COLUMBUS, Ohio - Looking for a little variety in your red and black raspberry production? Try growing a yellow cultivar.
Dick Funt, an Ohio State University horticulturist, said yellow raspberries are slowly becoming hot commodities in Ohio as gourmet or specialty items, and they are not any more difficult to grow than other raspberry varieties.
"It takes a while for people to get used to the site of a yellow raspberry," said Funt. "But the fruit is becoming somewhat of a specialty item for bakeries and markets that may use the berry to decorate cakes and pastries or promote an unusual jam."
Only a handful of producers grow yellow raspberries in Ohio and only four fall cultivars exist for producers to choose from, but Funt said the berries produce size and taste qualities to rival black and red raspberry varieties and are just as easy to grow.
"The big thing right now is to get as big of a berry as possible and as sweet tasting as possible," said Funt. One cultivar, known as Anne, produces a large berry, four to eight grams, compared to a typical red raspberry's two to three grams, and has a high sugar content.

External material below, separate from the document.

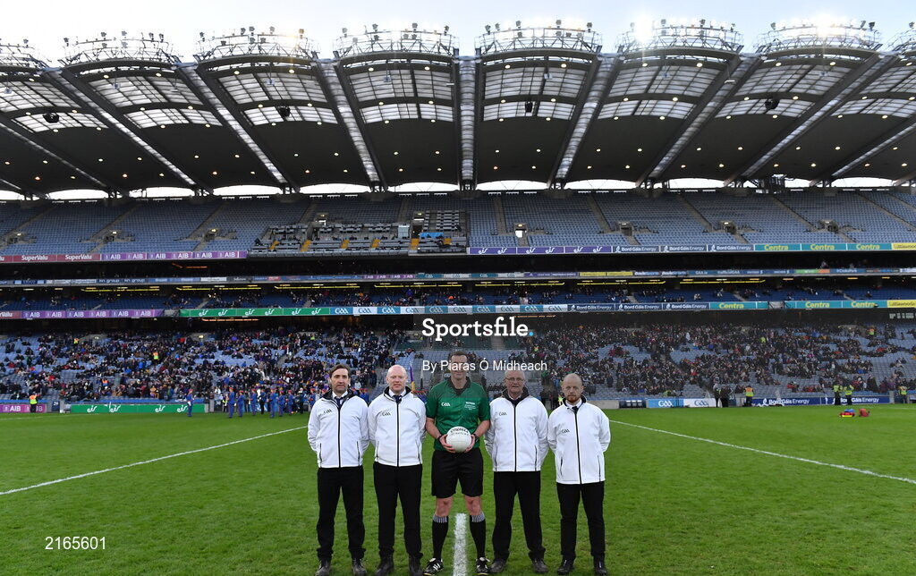 12 February 2022; Referee Seán Hurson with his umpires before the AIB GAA Football All-Ireland Senior Club Championship Final match between Kilcoo, Down, and Kilmacud Crokes, Dublin, at Croke Park in Dublin. Photo by Piaras Ó Mídheach/Sportsfile

Funt said the one disadvantage to a bigger berry is that it is more susceptible to molds because it's a softer fruit. Anne and another big-berry cultivar, known as Fallgold, are susceptible to Botrytis blight, or gray mold. "But the cultivars excel at winter hardiness and as long as you keep the soil drained, you can grow yellow raspberries just about anywhere in the state."
Other fall yellow raspberries include Golden Harvest, which produces moderate yields but with small berries, and Goldie, a medium-sized, firm fruit that turns pink when ripe.